The culture in this country is different.
- Daisy Torres
- 4 days ago
- 3 min read
Read the article in English here: Changing Culture Anywhere | LinkedIn
Adapted by Rosa Zapata
Article originally published on LinkedIn .
If you lead global organizations, you've probably heard (or said) some of these phrases: "What works in Germany doesn't work in Ghana." "Asian hierarchies are too different from American egalitarianism."
After 150 implementations of Mission-Directed Workteams across 6 continents, the evidence points in another direction: It's not geography that decides whether transformation works. It's how we address universal human needs.
The Myth That Holds Us Back
The idea that “culture is local” sounds sophisticated and respectful. It acknowledges differences and avoids the arrogance of “copy-paste” solutions.
The problem is when it becomes an alibi for three very dangerous ideas:
“It’s too complex to scale this to other cultures.”
“Our culture cannot support that level of excellence.”
“Our people are not ready for empowerment and responsibility.”
When we look at the results, these phrases speak more to our biases than to the reality of the people.
This is what happens when you don't stop and still try to transform yourself.
In Denmark, a wheel manufacturing company , in an organized and egalitarian society, went from apathy to 322 improvement proposals from long-standing employees.
In Uganda, Nice House of Plastics (founded by Dr.
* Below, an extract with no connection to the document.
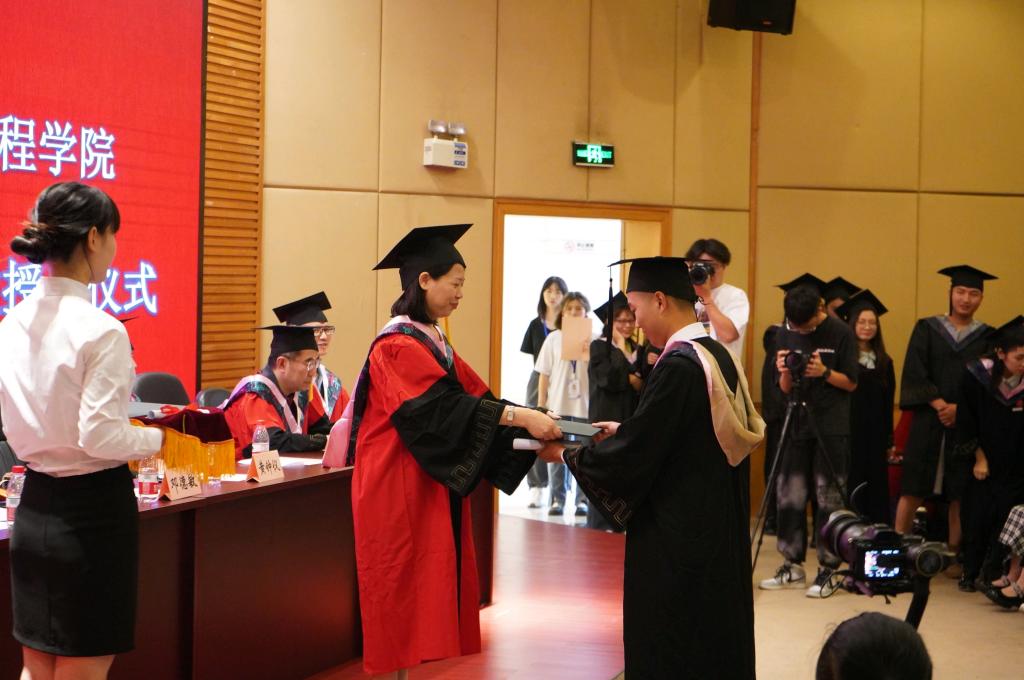 副院长詹川宣读乐鱼在线登录2021届毕业生学位授予决定文件。黄钟仪为学子们一一拨穗,颁发学位证,并与大家合影留念。

James Mulwana in 1970), a factory with low morale and language barriers, achieved over 98% attendance and a culture of its own: “The Mulwana Way”.
Opposing contexts, same pattern: When you offer structured empowerment and visible recognition, people respond.
The same applies between “old” hierarchies and modern democracies:
In Taiwan, Imperial Tobacco Taiwan , ITTM, with a hierarchical structure, multiplied improvement ideas by more than 20 when a clear space was opened for the voice of the front line.
In Laos, ( Laos Tobacco Limited ) leaders who “listen to learn” achieved more than a year without lost-time accidents and more than 1,700 improvement ideas.
Another example:
From Economic Powers to Developing Economies Nestlé Switzerland (Romont): 45 employees, high-tech operation 24/7 since 1968
Result: 11% reduction in machine downtime, structured problem-solving culture
Focus: technical precision with systematic team commitment
Century Bottling Uganda (SABCO): operating in an economy with a GNP per capita of $303
Result: +228% cases per person, 60% reduction in workforce while improving performance
Approach: same systematic approach adapted to resource limitations
Common thread: It wasn't culture that was blocking change. It was the design of the systems.
The “human operating system” that does cross borders
In all contexts we saw the same four impulses, expressed in different ways:
Meaning and purpose
Voice and influence
Growth and mastery
Dignity and respect
The conclusion: The principles are universal; the way they are expressed is cultural.
What changes (and what doesn't) when adapting
Successful implementations don't "skip" the culture; they use it to their advantage:
In high-context settings (lots of subtext, tradition, symbols), stories, rituals, and visual management work best.
In low-context (direct, data-oriented) contexts, clear indicators, structured methods, and explicit logic work best.
In hierarchical systems , change enters respecting formal authority, and then opens up spaces of influence.
In egalitarian systems , change takes off when peer leadership multiplies.
The essence remains the same: empowering the front line, making contributions visible, and creating a safe environment for experimentation and learning.
The problem isn't the culture, it's the approach
What usually kills transformations is not "culture", but four common mistakes:
Copying methods instead of principles.
Underestimating people (“they’re not ready”).
Exaggerate the barriers (“hierarchy prevents it”).
Turning stereotypes into a diagnosis (“people don’t talk here”, “only individual achievement matters here”).
When leaders in Brazil, Peru, Paraguay, Argentina, Uruguay, China, and India applied the same empowerment program adapted to their local way of working, they reached the same conclusion: The need for meaning, contribution, and ownership is universal.
The uncomfortable question for global leaders
Perhaps the real dilemma is not: “Does our culture support excellence?”
The most honest question is: “Does our approach to excellence support our culture?”
If we truly believe that:
People want meaningful work.
The teams want to solve problems.
Everyone wants dignity, learning, and growth.
Then the task changes. It's no longer "Can I come here?", but:
“How do we adapt this principle to the local communication style?”
“What would empowerment look like in our specific context?”
"What systems do we design so that dignity and growth do not depend on individual heroes, but on the way we work?"
In many of the contexts considered “most difficult,” the results were the most spectacular. Precisely because there was a hunger for respect, structure, and real opportunities for growth.
We love to hear your voice, share your experience with sustainable transformation in the face of temporary change:
For you, as a global leader: Which of your “truths” about local culture turned out to be a universal human need that was misinterpreted? I’d love to read in the comments what you’ve discovered works everywhere… and what you’ve learned absolutely requires local adaptation.